FIELD OF THE INVENTION
The invention relates to bone fixation devices, and in particular,
to pedicle fixation assemblies and methods used in spinal fixation
procedures.
BACKGROUND OF THE INVENTION
The spinal column is a highly complex system of bones and
connective tissues that provides support for the body and protects
the delicate spinal cord and nerves. The spinal column includes a
series of stacked vertebral bodies, each vertebral body including
an inner or central portion of relatively weak cancellous bone and
an outer portion of relatively strong cortical bone. Situated
between each vertebral body is an intervertebral disc that cushions
and dampens compressive forces exerted upon the spinal column. A
vertebral canal containing the spinal cord and nerves is located
behind the vertebral bodies.
A surgical technique commonly referred to as spinal fixation uses
surgical implants for fusing together and/or mechanically
immobilizing two or more vertebral bodies of the spinal column.
Spinal fixation may also be used to alter the alignment of adjacent
vertebral bodies relative to one another to change the overall
alignment of the spinal column. Such techniques have been used
effectively to treat a wide variety of conditions and, in most
cases, to relieve pain.
One spinal fixation technique involves immobilizing the spine using
orthopedic stabilizing rods, commonly referred to as spine rods,
which run generally parallel to the spine. This technique involves
exposing the spine posteriorly and fastening bone screws to the
pedicles of vertebral bodies. The pedicle screws are generally
placed at least one per vertebra and serve as anchor points for the
spine rods. Clamping elements adapted for receiving a spine rod
therethrough are then used to join the spine rods to the pedicle
screws. The aligning influence of the spine rods forces the spinal
column to conform to a more desirable shape. In certain instances,
the spine rods may be bent to achieve the desired curvature of the
spinal column.
Most existing rod fixation systems require several components to
build the systems. Each additional component or instrument required
to assemble the fixation system adds to the complexity of the
surgical technique. A need has thus arisen for improved fixation
systems that minimize the assembly of small pieces of hardware
during the surgical procedure. Thus, there remains a need for
spinal fixation devices that facilitate simple and fast assembly of
attachment of a spinal rod to a spine. It would be desirable to
provide a device with pre-assembled components that will result in
less time in assembling the components in the operating room.
SUMMARY OF THE INVENTION
In accordance with one or more embodiments of the present
invention, a bone fixation assembly is provided comprising a
fixation element having a head portion, a unitary coupling element
having a first bore adapted to slidably receive the head portion of
the fixation element, and a first locking element adapted to secure
the head portion in the first bore. In certain embodiments, the
coupling element has a second bore adapted to receive a spinal rod
and a second locking element adapted to secure the spinal rod in
the second bore.
According to one or more further aspects of the present invention,
a bone fixation system assembly includes a fixation element having
a substantially cylindrical head portion; a unitary coupling
element having a first bore adapted to receive the head portion of
the fixation element and to permit axial movement of the coupling
element with respect to the fixation element, the coupling element
having a second bore adapted to receive a spinal rod; a first
locking element pre-assembled with the coupling member and adapted
to secure the head portion in the first bore; and a second locking
element pre-assembled with the coupling member and adapted to
secure the spinal rod in the second bore.

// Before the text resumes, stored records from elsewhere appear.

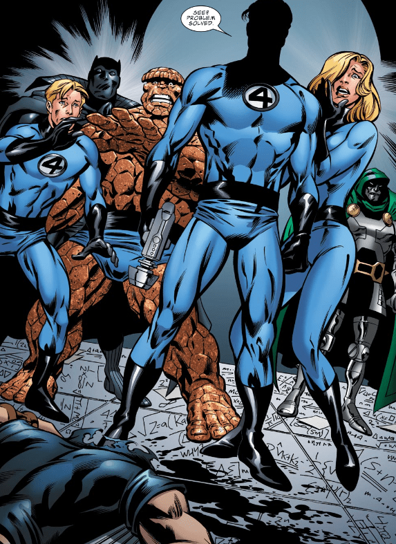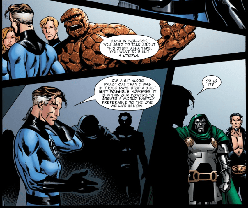 Doom says that in the future, Reed’s equation worked, and the Earth did indeed become a utopia, without crime or disease, and with all people living in abundance. But then the populace started worshipping Reed, the praise went to his head, and Sue left him for Namor.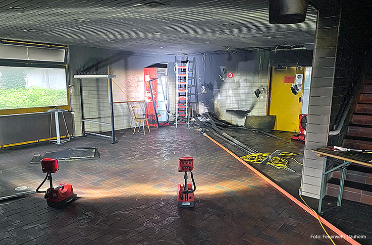 Defekt an Maschine Vorerst kein Sport in der Georg-Schad-Halle: Nach Brand gesperrt So sah nach dem Brand das Foyer aus.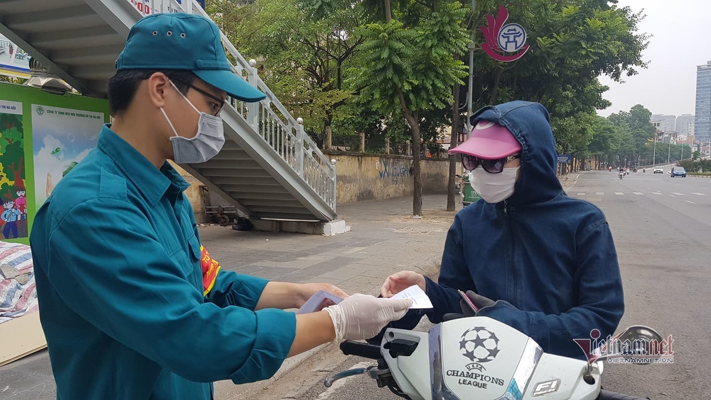 Tại chốt kiểm soát phố Đào Tấn, cán bộ trực chốt tuyên truyền, nhắc nhở người dân chuẩn bị giấy tờ theo yêu cầu mới của UBND TP.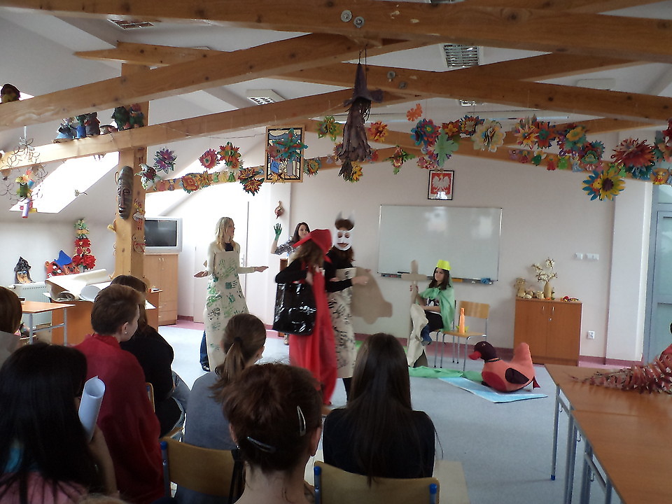 W ramach Tygodnia Akademickiego odbyły się warsztaty teatralne dla młodzieży szkół średnich i studentów zatytułowane "O Czerwonym Kapturku nietypowo". Zajęcia poprowadziła dr Łucja Reczek-Zymróz. Dopisali uczestnicy i w sali 21 obserwować można było popisy teatralne uczestników warsztatów. Okazało się, że wilk może być zakochany, komediowy lub jeszcze bardziej przerażający niż zwykle. Uczestnicy warsztatów wykonali samodzielnie stroje z przygotowanych materiałów krawieckich i papieru.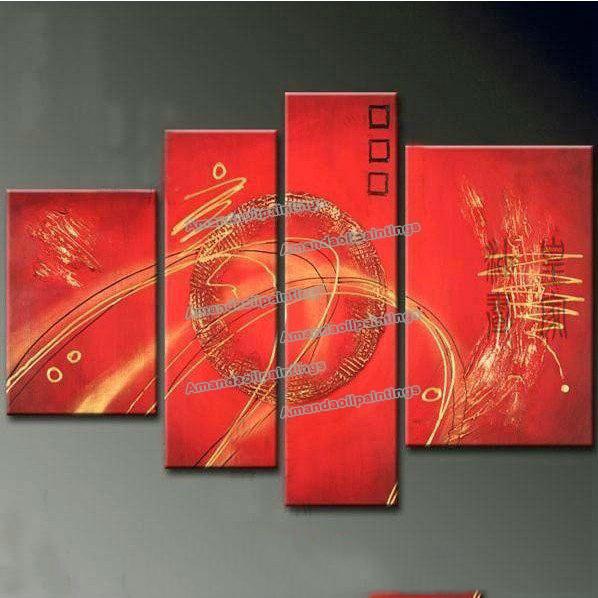 Red Background With Straps 4 Pieces Modern Oil Paintings |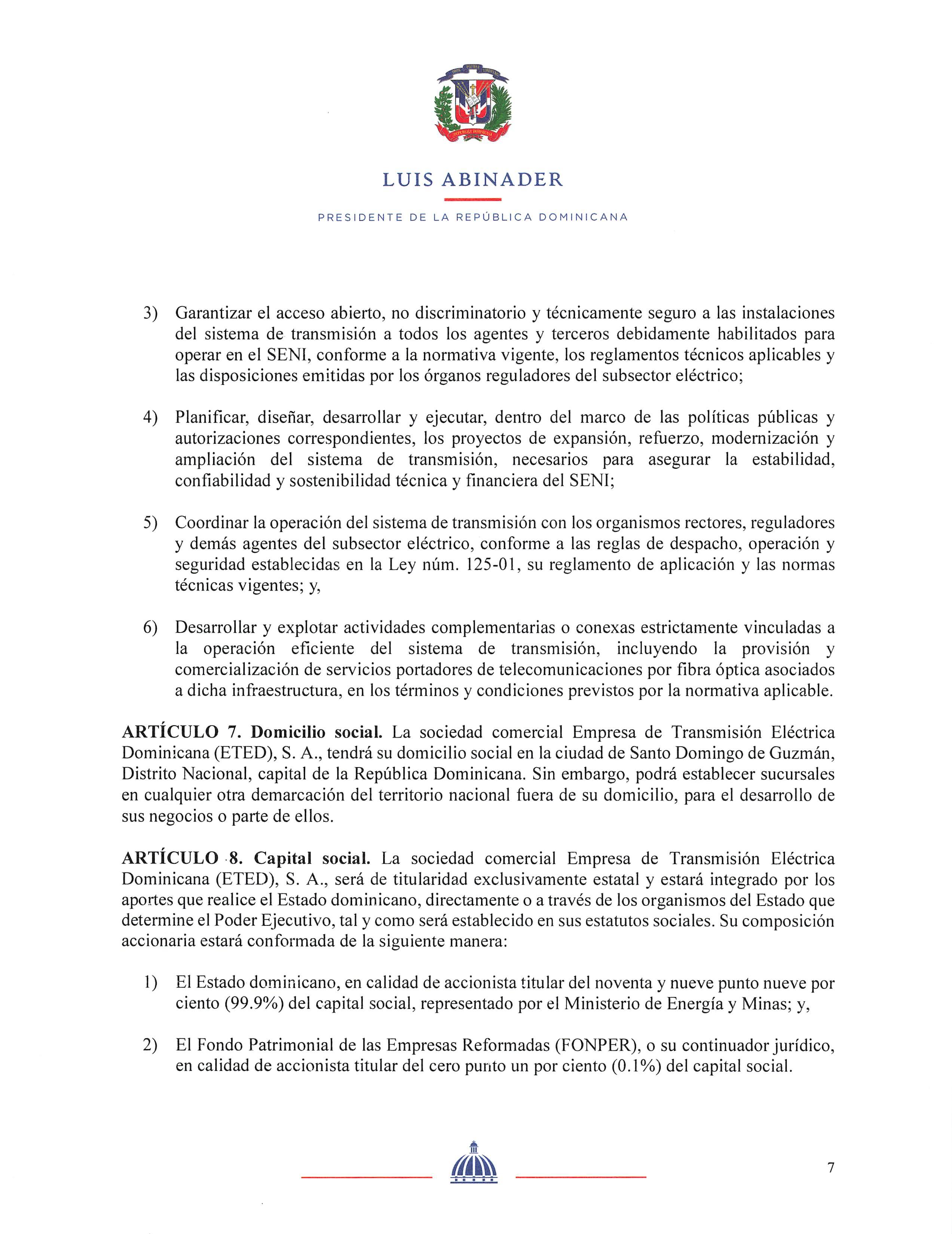 CONSIDERANDO: Que la Empresa de Transmisión Eléctrica Dominicana (ETED) fue creada mediante el Decreto núm. 629-07, al amparo de lo dispuesto en el párrafo 1 del artículo 138 de la Ley núm. 125-01, General de Electricidad, como entidad de propiedad estrictamente estatal destinada a desarrollar funciones estratégicas del Estado dominicano en el subsector eléctrico, particularmente vinculadas a la operación del sistema de transmisión y a la prestación del servicio público de transporte de electricidad.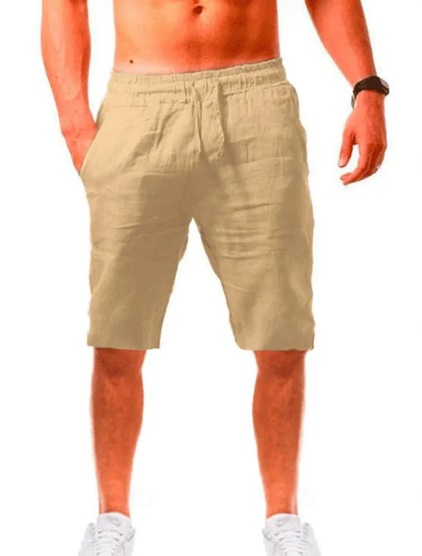 Men’s Shorts Linen Shorts Drawstring Plain Daily Streetwear Basic Light Khaki. Black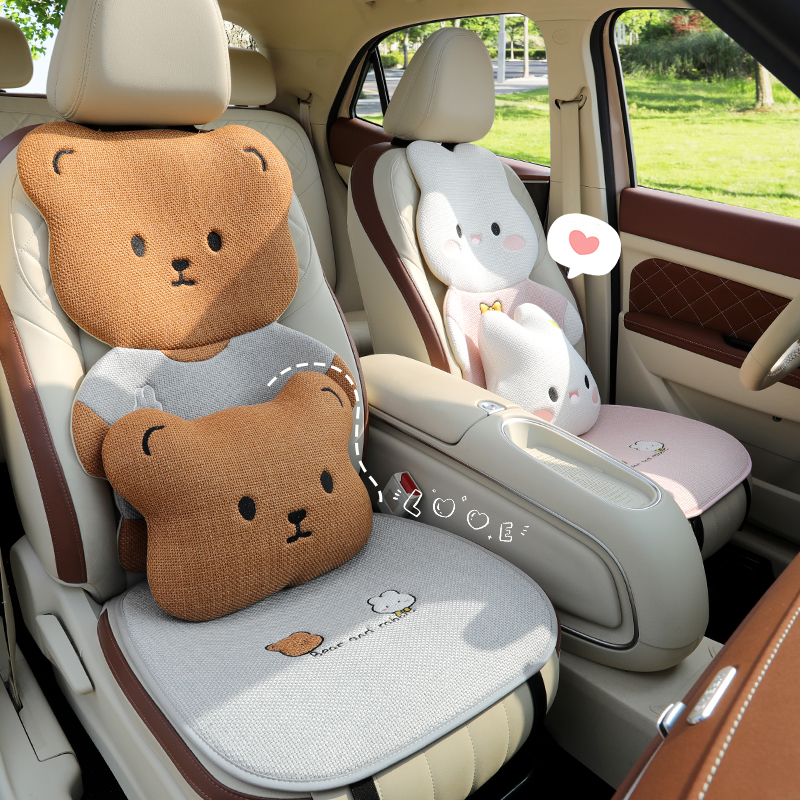 汽车坐垫夏季凉垫2025新款四季通用透气亚麻车内座椅套卡通可爱女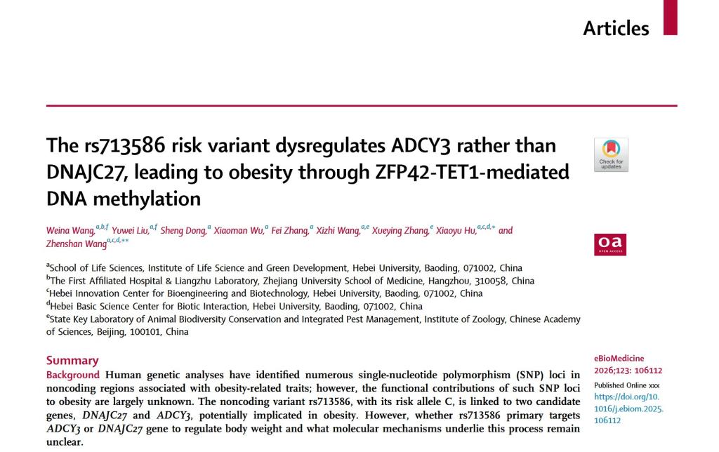 2026年01月,王振山教授课题组在eBioMedicine(柳叶刀子刊,中科院双一区,影响因子10.8)在线发表论文《The rs713586 risk variant dysregulates ADCY3 rather than DNAJC27, leading to obesity through ZFP42-TET1-mediated DNA methylation》。该文一经发表,就被科研猫平台作为“亮点论文”重点推送。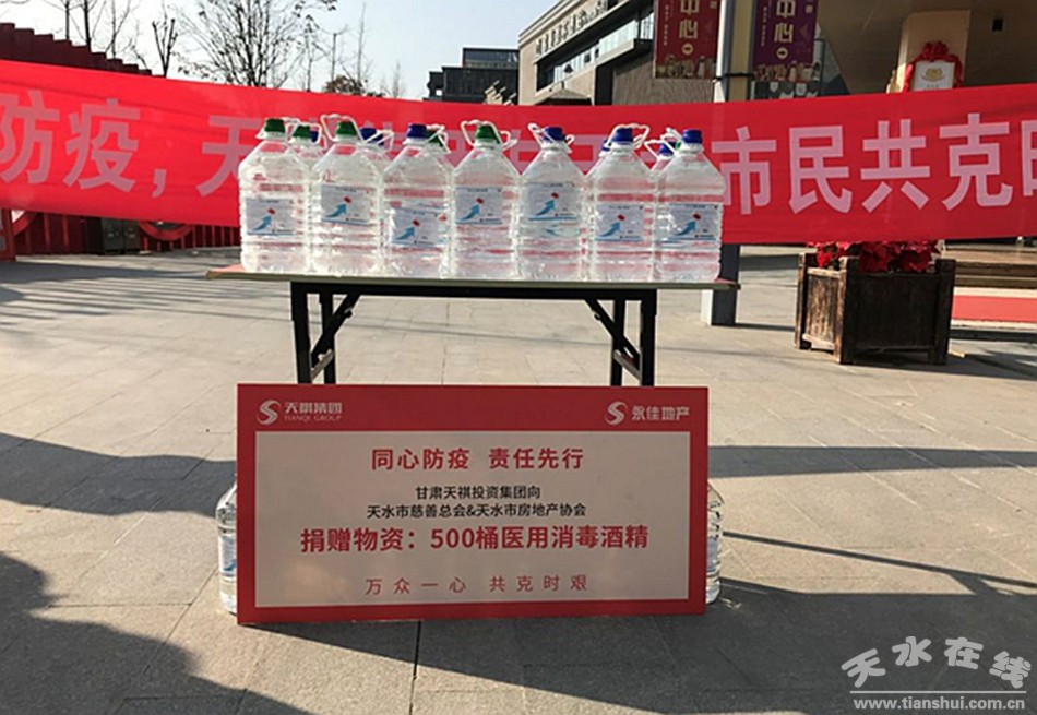 疫情就是命令,防控就是責(zé)任!甘肅天祺投資集團(tuán)切實踐行企業(yè)社會責(zé)任,全面吹響抗擊疫情的號角,2月4日為天水市募捐500桶醫(yī)用消毒酒精,用于防控防疫工作。

According to one or more further aspects of the present invention,
a bone fixation assembly includes: a fixation element having a head
portion; a unitary coupling element having a first bore adapted to
receive the head portion of the fixation element and to permit
axial movement of the coupling element with respect to the fixation
element; and a locking element including a ball ring and a locking
nut adapted to exert radial force on the ball ring such that the
ball ring exerts a compressive force on the head of the fixation
element to secure the head of the screw in the coupling
element.
According to still one or more further aspects of the present
invention, a bone fixation assembly includes: a fixation element
having a substantially cylindrical head portion; a unitary coupling
element having a first bore adapted to receive the head portion of
the fixation element and to permit axial, preferably polyaxial,
movement of the coupling element with respect to the fixation
element, and a first locking element including a locking nut that
engages the first bore and a tapered opening adapted to allow
polyaxial motion of the head of a fixation element inserted
therethrough.
In still another embodiment of the invention, a method of fixing a
bone in place is provided. The method comprises attaching a
fixation element having a head portion to a bone, sliding a first
bore of a unitary coupling element over the head portion, inserting
a rod through a second bore of the coupling element, tightening a
first locking element associated with the first bore to secure the
head portion to the coupling element, and tightening a second
locking element associated with the second bore.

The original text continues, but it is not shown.